WHAT YOU HAVE TO DO:
Pictures should be omitted; restate word for word the lines from the one holding "Παγκόσμια Ημ. κατά" through the last line of the entries below.

START SUPPLIED MATERIAL

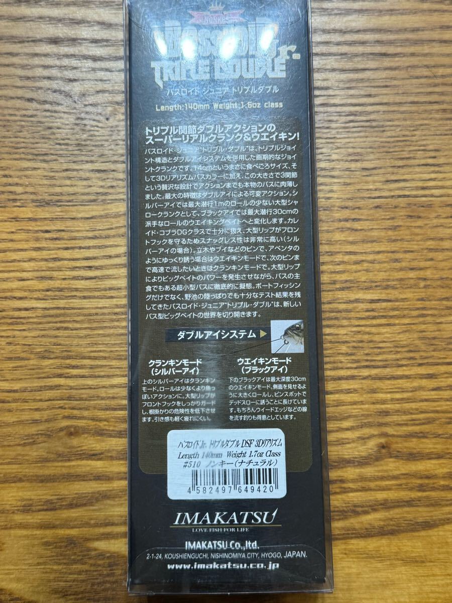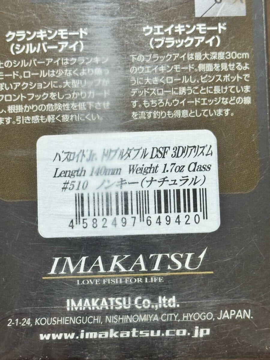 こちらはイマカツなバスロイドJr トリプルダブル デッドスローフローティング 3DR #510ノンキー (ナチュラル)になります。未開封未使用品です。
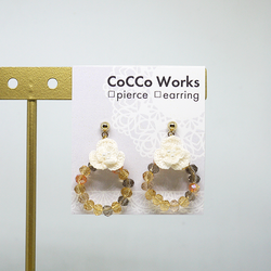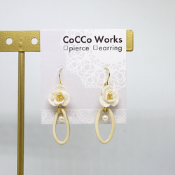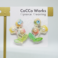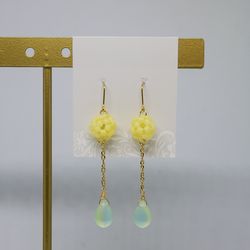 037 フラワーピアス(フックタイプ/イエロー×bubble)
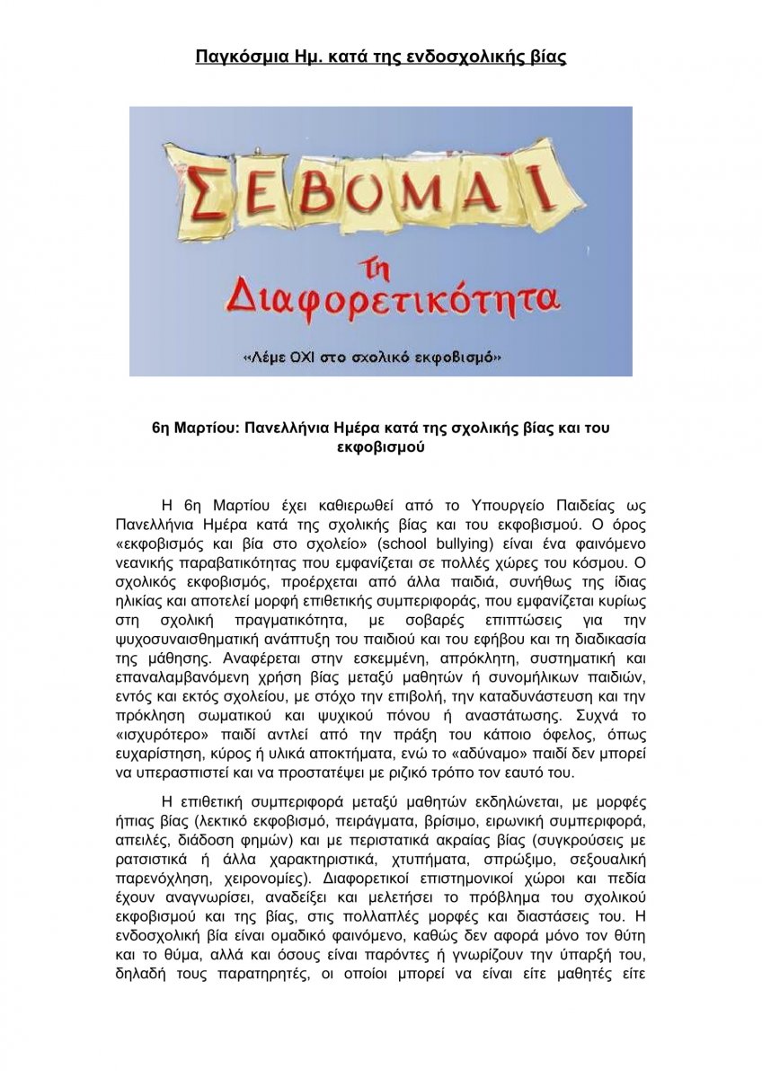 Παγκόσμια Ημ. κατά της ενδοσχολικής βίας 2021
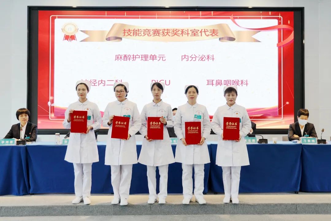 与会领导为医院“优秀护士”代表、“优质护理服务”先进科室、多站式护理技能竞赛获奖个人及集体代表进行了颁奖。
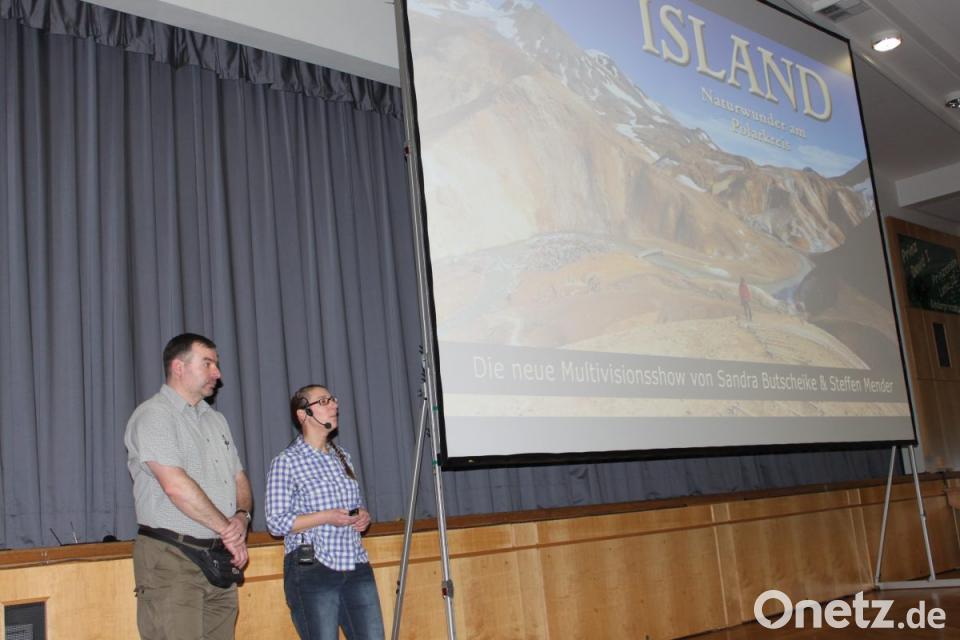 Mit passenden Texten begleiteten die beiden Fotojournalisten abwechselnd ihre Multivisionsshow und entführten das Publikum in der fast vollen Stadthalle an geheimnisvoll blubbernde Schlammtöpfe, heiße Wassergischt ausspuckende Geysire, unberührte Fjorde, Wasserfälle und gewaltige Gletscher. Durch den Besuch von Städten und deren Festen, wie den „Großen Fischtag“ in Dalvik oder die Kulturnacht in Reykjavik zeichneten sie auch ein Bild der Isländer. Auf einer Pferdefarm erfuhren sie viel über die Besonderheiten der Islandpferde und im Haifisch-Museum erklärte ihnen Christian, wie die isländische Spezialität Hákarl hergestellt wird.
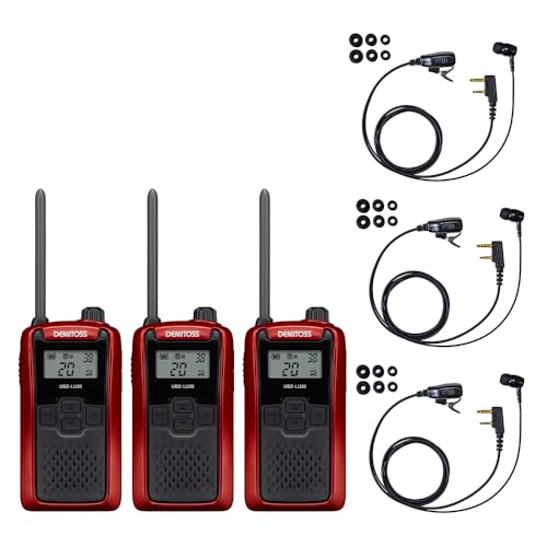 ケンウッドの特定小電力トランシーバーDEMITOS UBZ-LU20とBLUE CENTURY K012Hイヤホンマイクのレッド3台セット。通信範囲が広く、クリアな音質。便利なセットで、ビジネスやレジャーに最適。
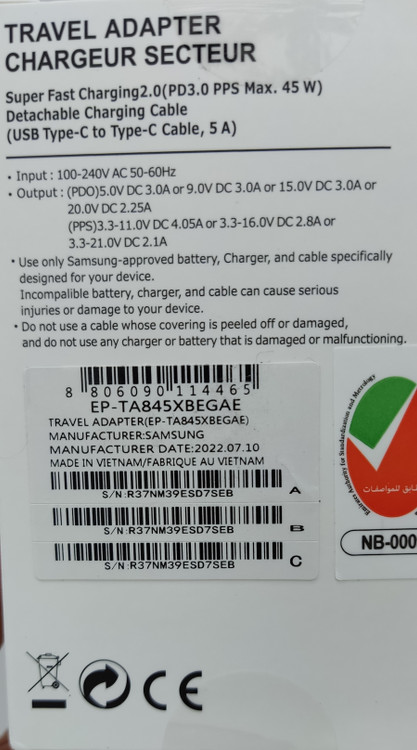 سایر: این شارژر دیواری دارای فناوری PD است که با استفاده از آن می توانید دستگاه خود را با سرعت بیشتر و با توان 45 وات شارژ کنید. برای شارژر 45 وات سامسونگ از چیپ هوشمندی استفاده شده تا با اتصال دستگاه به صورت خودکار جریان مناسب را برای دستگاه تامین کند.
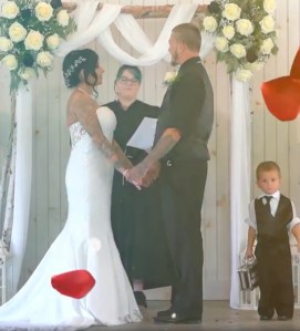 But on August 21st more than 100 people gathered to watch them finally walk down the aisle. The venue was stunning, Bear was gorgeous, and I’d never seen CJ look so handsome. Actually, he’s always handsome, I just never seen him dressed up! Their kids were all a part of the wedding, the youngest going as far as to steal the show! There was a “flower dude, a brides “man”, and a 20-person wedding party. It was a beautiful day for an outdoor wedding.
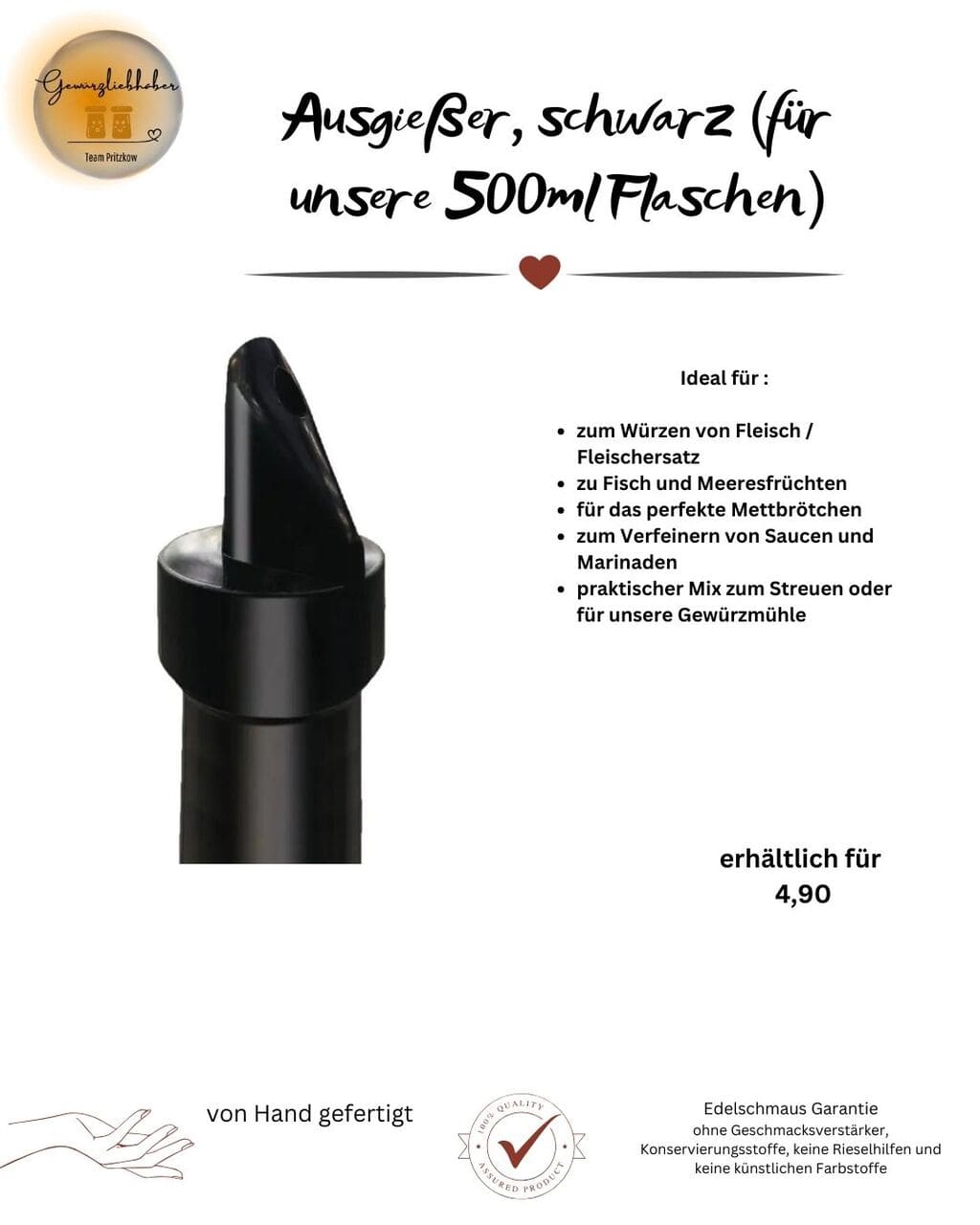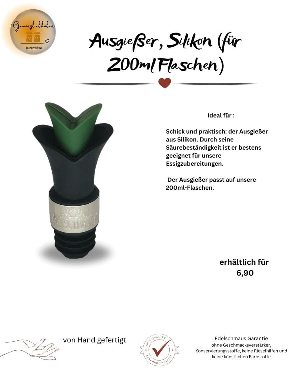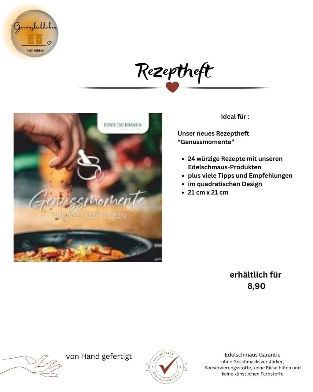 Wer gerne und viel kocht, weiß sie zu schätzen – praktische Küchenhelfer. Abgestimmt auf unsere Produkte haben wir Gewürzmühlen und Ausgießer für Sie ausgewählt, mit denen das Kochen noch leichter von der Hand geht. Und in unserem Rezeptheft finden Sie appetitliche Inspirationen zum Nachkochen – natürlich mit unseren Edelschmaus Produkten!
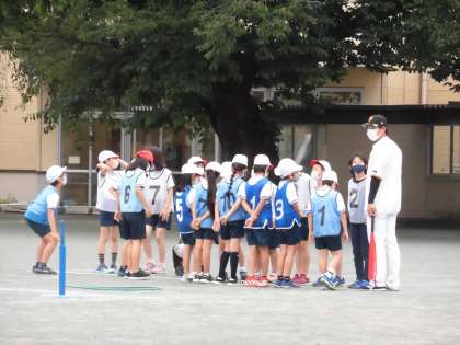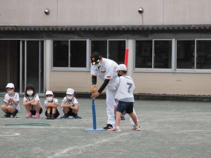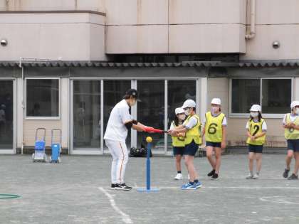 お話を聞いて、軽くランニングをしたあと、2チームに分かれてミニゲームが始まりました。バッターボックスに立つ児童に、ティーに乗ったボールをうまく打つこつをアドバイスしてくださり、順番を待つ児童もその言葉を真剣に聞いていました。

END SUPPLIED MATERIAL

TASK SOLUTION:
 Παγκόσμια Ημ. κατά της ενδοσχολικής βίας 2021
 与会领导为医院“优秀护士”代表、“优质护理服务”先进科室、多站式护理技能竞赛获奖个人及集体代表进行了颁奖。
 Mit passenden Texten begleiteten die beiden Fotojournalisten abwechselnd ihre Multivisionsshow und entführten das Publikum in der fast vollen Stadthalle an geheimnisvoll blubbernde Schlammtöpfe, heiße Wassergischt ausspuckende Geysire, unberührte Fjorde, Wasserfälle und gewaltige Gletscher. Durch den Besuch von Städten und deren Festen, wie den „Großen Fischtag“ in Dalvik oder die Kulturnacht in Reykjavik zeichneten sie auch ein Bild der Isländer. Auf einer Pferdefarm erfuhren sie viel über die Besonderheiten der Islandpferde und im Haifisch-Museum erklärte ihnen Christian, wie die isländische Spezialität Hákarl hergestellt wird.
 ケンウッドの特定小電力トランシーバーDEMITOS UBZ-LU20とBLUE CENTURY K012Hイヤホンマイクのレッド3台セット。通信範囲が広く、クリアな音質。便利なセットで、ビジネスやレジャーに最適。
 سایر: این شارژر دیواری دارای فناوری PD است که با استفاده از آن می توانید دستگاه خود را با سرعت بیشتر و با توان 45 وات شارژ کنید. برای شارژر 45 وات سامسونگ از چیپ هوشمندی استفاده شده تا با اتصال دستگاه به صورت خودکار جریان مناسب را برای دستگاه تامین کند.
 But on August 21st more than 100 people gathered to watch them finally walk down the aisle. The venue was stunning, Bear was gorgeous, and I’d never seen CJ look so handsome. Actually, he’s always handsome, I just never seen him dressed up! Their kids were all a part of the wedding, the youngest going as far as to steal the show! There was a “flower dude, a brides “man”, and a 20-person wedding party. It was a beautiful day for an outdoor wedding.
 Wer gerne und viel kocht, weiß sie zu schätzen – praktische Küchenhelfer. Abgestimmt auf unsere Produkte haben wir Gewürzmühlen und Ausgießer für Sie ausgewählt, mit denen das Kochen noch leichter von der Hand geht. Und in unserem Rezeptheft finden Sie appetitliche Inspirationen zum Nachkochen – natürlich mit unseren Edelschmaus Produkten!
 お話を聞いて、軽くランニングをしたあと、2チームに分かれてミニゲームが始まりました。バッターボックスに立つ児童に、ティーに乗ったボールをうまく打つこつをアドバイスしてくださり、順番を待つ児童もその言葉を真剣に聞いていました。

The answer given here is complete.